The Housing Authority's data on secondary transactions of government-built, privately-owned flats (aka SSFs) are notoriously difficult to access as the data must be requested by month, each with a separate web form.
The Housing Authority Scraper automatically gathers the transaction count of SSFs by month and year and generates a CSV file that can be easily used for further research, such as the analysis of trading volume.
Sidenote: government-built, privately-owned flats are typically referred to as subsidized sale flats (SSF) but also referred to as Home Ownership Flats (HOS) at times (the latter is a bit of a misnomer, but that’s a whole other story).
Before running, the following are necessary. Installation guides can be found online.
- Download the GitHub folder that contains this text file (click the Code button, select Download ZIP from the dropdown menu)

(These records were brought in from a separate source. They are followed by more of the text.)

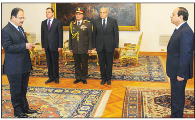
مجددي عبد الغفار يؤدي اليمين الدستورية أمام الرئيس السيسي

يكون له تأثير على المؤتمر الاقتصادي المقرر عقده في وقت لاحق من الشهر الجاري. وقال يسرى العزباوي، الخبير السياسي بمركز الأهرام للدراسات السياسية والاستراتيجية، إن التعديلات طبيعية تستهدف في المقام الأول احتواء حالة الغضب التي تعيشها البلاد في ظل إخفاق بعض الوزارات في أداء مهامها، ورأي مختار غباشي، نائب رئيس المركز العربي للدراسات السياسية والاستراتيجية (مركز دراسات مصري غير حكومي)، أن «التعديل يهدف إلى احتواء الغضب الشعبي»، لكنه اعتبر أنه تعديل «لم يأت بجديد».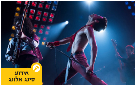
אירוע סינג אלונג

סרט: רפסודיה בזהמית , 2018 גרסת "סינג אלונג"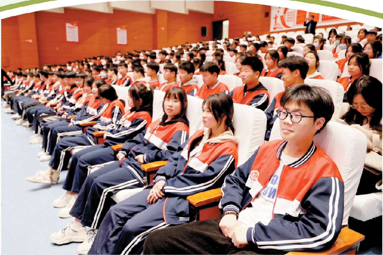
周口学子在认真听王跃文讲座。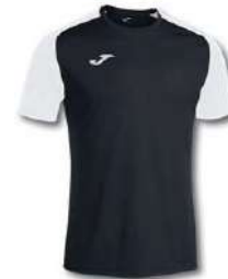
102 BLACK/ WHITE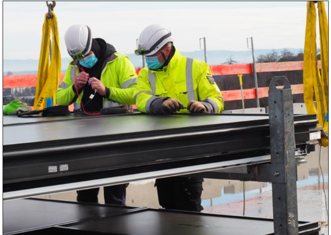
Erstmals im Neubau von Drees & Sommer eingesetzt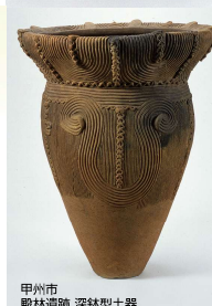
甲州市 殿林遺跡 深鉢型土器

- Have access to Terminal (Mac) or Powershell (Windows)
- Install Python, latest version
- Install Chrome or Firefox
- Install WebDriver (for Chrome) or geckdriver (for Firefox)
- Install the following Python packages: pandas, Selenium
Once all the dependencies are installed, to run the scraper, run the following lines of code in Terminal/Powershell:
# this starts the python shell:
python3
# import sys package for the subsequent line of code:
import sys
# replace the file path with the local path to the downloaded folder:
sys.path.append(‘/Users/john/Downloads/housing-authority-scraper’)
# import the scrape function:
from housing_authority_scraper import scrape
# input the path to where geckodriver or WebDriver is installed and then input any number of years you’d like to scrape:
scrape('/Users/john/geckodriver', 2021, 2022)
Once run, the scraper will generate a .csv file with the requested data in your working directory. If you do not know where your working directory is, run the following lines of code to find out where the output file is stored.
# assuming you've started the python shell already
import os
os.getcwd()